Я провожу чистой рукой по лицу. Черт.
Два поцелуя с ней... да, пожалуй, сожаление является самым подходящим словом, но испытывать его тяжко, когда на вкус они были такими сладкими. Возможно, это лишь делает меня еще хуже.
Она — лучшая подруга Конни.
На пятнадцать лет моложе.
Ей нужны работа и крыша над головой.
Изабель уже жаловалась на пристающих к ней мужчин. А я — ее работодатель. И уже нахожусь далеко за гранью принципов, которые соблюдал большую часть жизни.
И... моя жена умерла всего пять лет назад.
Тошнота подкатывает к горлу.
— Что ты творишь? — спрашиваю себя с горечью.
Изабель не хочет меня. Не по-настоящему, пусть в тот день и дала понять, очень ясно и красиво, что поцелуи ей понравились. От этого эго раздулось настолько, что я не удержался и поцеловал ее снова прямо в гостиной, при ярком дневном освещении. Лишь чистая случайность помешала нам до того, как пришла Катя.
Я сбрасываю одеяло и иду в ванную. Включаю душ, делаю воду холоднее и еще холоднее, пока ледяные струи не начинают жечь кожу.
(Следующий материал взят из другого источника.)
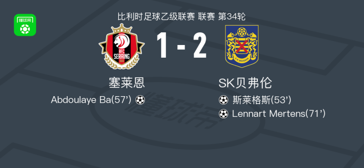 SK贝弗伦2-1塞莱恩,Lennart Mertens破门,斯莱格斯传射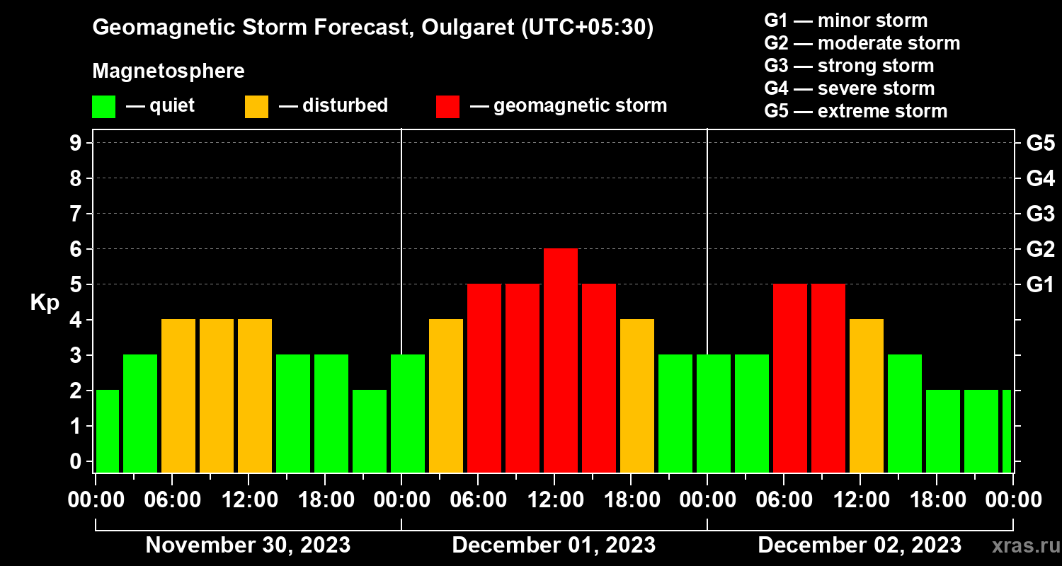 Geomagnetic storm forecast in Oulgaret for Nov 30, 2023

Они смывают остатки оргазма и тепло, все еще пульсирующее в жилах.
И именно этого я заслуживаю.
Дети скоро проснутся. Суббота — наш день, без Кати и работы, если только я не в командировке. Между «Контрон» и детьми просто нет ничего, что я мог бы предложить Изабель. Тот самый толстый стержень между ног, конечно, думает иначе, но он ошибается. Я не собираюсь заводить роман с няней своих детей.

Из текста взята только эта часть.